An operator can change the size and number of nozzle ports in a module by using interchangeable nozzle bodies 42. The interchangeable nozzle bodies provide an operator an alternative to the use of interchangeable jet nozzles as described in the embodiment of FIG. 2. Nozzle body 42 may be made of a variety of steel alloys commonly used in the oil industry or may be made of high chromium materials or heat treated metals to increase the erosion resistance of nozzle ports 58. The remaining portions of the module, including top sub 45, bottom sub 44 and shifting sleeve 46, can be made of a variety of steel alloys commonly used in the oil field.

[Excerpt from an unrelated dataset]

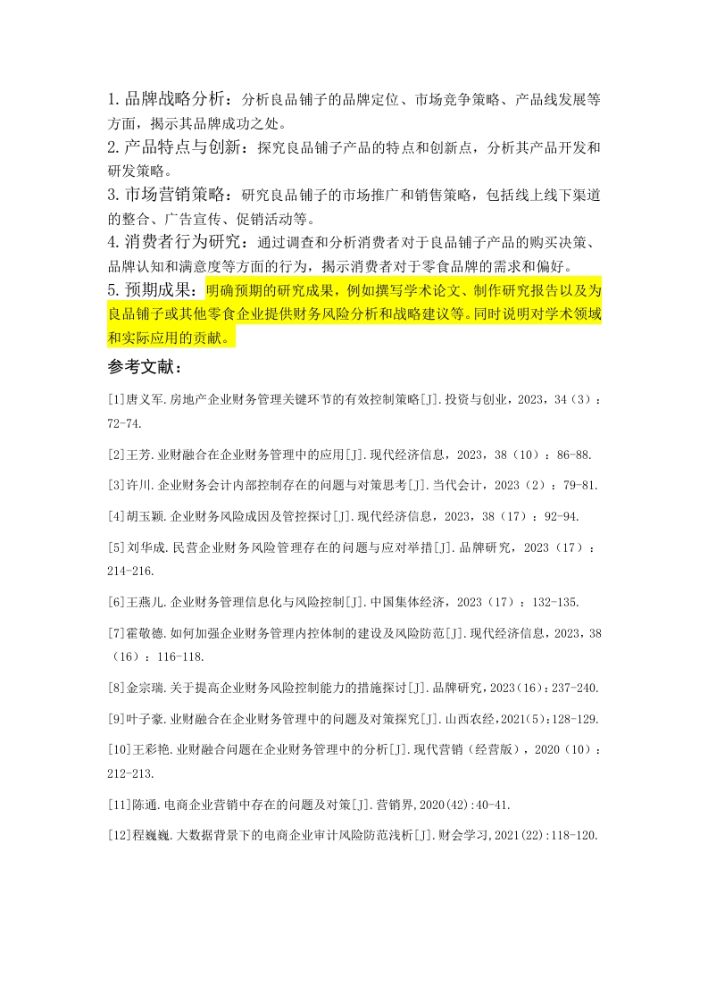 企业的财务风险分析及防范一以良品铺子为例一、课题的目的及意义良品铺子股份有限公司(以下简称良品铺子)从全球30个国家、地区选取好原料,旨在为消费者提供高端零食。对良品铺子一些年份的股东权益比率、资产结构、资本结构、股权结构等分别进行分析,并与良品铺子股份有限公司(以下简称良品铺子)的数据进行对比分析,指出良品铺子在公司财务管理方面存在的问题及原因,并提出相应的优化建议。理论意义:本文以良品铺子为例,从企业财务风险出发,对此进行研究讨论,分析现阶段不同因素对财务风险的影响程度,争取为将来相关行业财务风险控制的研究提供新思路。在企业经营投资的实施过程中,财务风险是难以避免的。本文以良品铺子近三年的财务状况表现为出发点,丰富了现有的电商零食企业的财务风险研究现实意义:在全球经济普遍下行的背景之下,我国虽然大力推行各种简政放权政策,助推各类民营企业发展,但是由于企业内部存在的各种不稳定性因素,如所有权转移、资金周转效率低下等导致结果仍然差强人意。本文研究的重点是企业在投资经营的实施过程中如何避免财务风险的负面影响。通常情况下,企业的财务状况不仅受到宏观经济的制约,也与企业经营战略息息相关。在所处行业宏观环境压力较大、竞争激烈的情况下,本研究为其他电商零售企业提供参考。同时也为其他企业迅速适应发展节奏提供帮助,以带动整个行业良性竞争。二、课题任务、重点研究内容及实现途径(一)背景介绍:在背景介绍中,需要简要介绍良品铺子的发展历程、品牌定位、产品特点以及市场竞争情况。说明为什么选择良品铺子作为研究对象,并对该领域现有研究进行概述。(二)目标与意义:明确研究的目标和意义,例如通过研究良品铺子,可以了解到中国零食市场的发展趋势以及品牌在市场中的竞争地位,对良品铺子当前存在的财务风险进行分析,以期提供一定的应对策略。这样的研究有助于提供有效的市场分析与战略建议,促进企业的发展和竞争优势。同时为同行业的其他企业提供借鉴,提升全行业应对财务风险的能力,促进零食行业健康发展。(三)研究方法:描述研究方法的选择与操作流程,例如可以采用文献综述、市场调查和数据分析等方法来收集相关数据和信息。同时要注意合法合规性,确保数据来源的可靠性和准确性。(四)研究内容:列出具体的研究内容,以良品铺子为研究对象,可以从以下几个方面展开研究:1.品牌战略分析:分析良品铺子的品牌定位、市场竞争策略、产品线发展等方面,揭示其品牌成功之处。2.产品特点与创新:探究良品铺子产品的特点和创新点,分析其产品开发和研发策略。3.市场营销策略:研究良品铺子的市场推广和销售策略,包括线上线下渠道的整合、广告宣传、促销活动等。4.消费者行为研究:通过调查和分析消费者对于良品铺子产品的购买决策、品牌认知和满意度等方面的行为,揭示消费者对于零食品牌的需求和偏好。5.预期成果:明确预期的研究成果,例如撰写学术论文、制作研究报告以及为良品铺子或其他零食企业提供财务风险分析和战略建议等。同时说明对学术领域和实际应用的贡献。参考文献:[1]唐义军.房地产企业财务管理关键环节的有效控制策略[J小.投资与创业,2023,34(3):72-74.[2]王芳.业财融合在企业财务管理中的应用[J刀.现代经济信息,2023,38(10):86-88.[3]许川.企业财务会计内部控制存在的问题与对策思考[J].当代会计,2023(2):7981.[4]胡玉颗.企业财务风险成因及管控探讨[J刀.现代经济信总,2023,38(17):9294.[5]刘华成.民营企业财务风险管理存在的问题与应对举措[J刀.品牌研究,2023(17):214-216.[6]王燕儿.企业财务管理信息化与风险控制[].中国集体经济,2023(17):132-135.[7]霍敬德.如何加强企业财务管理内控体制的建设及风险防范[J].现代经济信息,2023,38(16):116-118.[8]金宗瑞.关于提高企业财务风险控制能力的措施探讨[J刀.品牌研究,2023(16):237-240.[9]叶子豪.业财融合在企业财务管理中的问题及对策探究[J].山西农经,2021(5):128-129.[10]王彩艳.业财融合问题在企业财务管理中的分析[J刀.现代营销(经营版),2020(10):212-213[11]陈通.电商企业营销中存在的问题及对策[J].营销界,2020(42):40-41.[12]程巍巍.大数据背景下的电商企业审计风险防范浅析[J刀.财会学习,2021(22):118-120.[13]何迅培.财务共享服务模式下的大数据审计效果观察[J刀.财会学习,2020(19):123-124.[14]匡芬芬,陶智南.大数据背景下企业内部审计面临的机遇与挑战[J刀.审计与理财,2020(06):12-14.[15]黎照宇.大数据技术在审计领域中的应用[J刀.江苏商论,2020(06):29-32.[16]张散伟,王迎军.商业模式与战略关系辨析一兼论商业模式研究的意义[J刀.外国经济与管理,2011,33(04):10-18.[17]张新民.财务报表分析的新视角一资产负债表与企业战略信总揭示[J].财务与会计.2015,(21):14-16.[18]张新民.从报表看企业:数字背后的秘密[].中国人民大学出版社.2012.[19]张雅莎.商业模式驱动企业财务战略研究一以杭氧企业股份有限公司为例[D].浙江工商大学.2014.[20]赵明辉.顾客价值主张对商业模式创新绩效的影响[J刀.商业时代.2019,(02):93-96.[21]赵荣荣.上市公司盈利能力分析[J].经济师,2009,(01):109-110.[22]赵卫宏.网络零售中的顾客价值及其对店铺忠诚的影响[J小.经济管理.2010,32(05):74-87.[23]赵振.“互联网+”跨界经营:创造性破坏视

Although different embodiments of a module are illustrated in FIGS. 2 and 4, the method of selectively actuating the different modules of an assembly can be more readily understood by comparing the respective ball seats of the modules in these figures. As can be seen, the internal diameter of ball seat 60 in the module of FIG. 4 is substantially larger than the internal diameter of ball seat 35 in the module of FIG. 2. Thus, the actuating ball for seat 35 will easily pass through ball seat 60 and continue through the assembly until it lands on seat 35 of the lower module. Therefore, an operator can selectively actuate the modules in the assembly from the bottom up by dropping or displacing progressively larger actuating balls into the assembly, thereby allowing the operator to selectively stimulate a plurality of producing zones in a single trip.

Although the embodiments described above are actuated by using successively larger balls, it should be readily understood that the modules can be actuated by other means. For example, the shifting sleeves of the modules could be easily adapted to be actuated by dropping or pumping down the assembly appropriately sized darts, bars, plugs, or the like. Alternatively, each shiftable sleeve may include a selective profile, such as an Otis “X” or Baker “R” style profile, and the actuating means for a particular sleeve would include a locking mechanism with a mating profile. In such an embodiment, the actuating means would pass through all modules except the module that had a shifting sleeve with a mating profile.

FIG. 5 shows the process of cementing an assembly 1 into the open wellbore 2. Cement 130 is pumped down a string 104 through the plurality of modules 5, 10, 15, and 20 attached to the string 104. A float collar 100 is connected to the centralizing coupling connected to the lowermost module 20. Alternatively, the float collar 100 may be connected directly to the lowermost module 20 or a portion of the string 104 located below the lowermost module 20. The cement 130 is pumped through a shoe joint 110 and float shoe 120 connected to the float collar 100. The cement 130 exits the float shoe 120 and fills the annulus between the string 104 and the open wellbore 2 to cement the string 104 within the open wellbore 2.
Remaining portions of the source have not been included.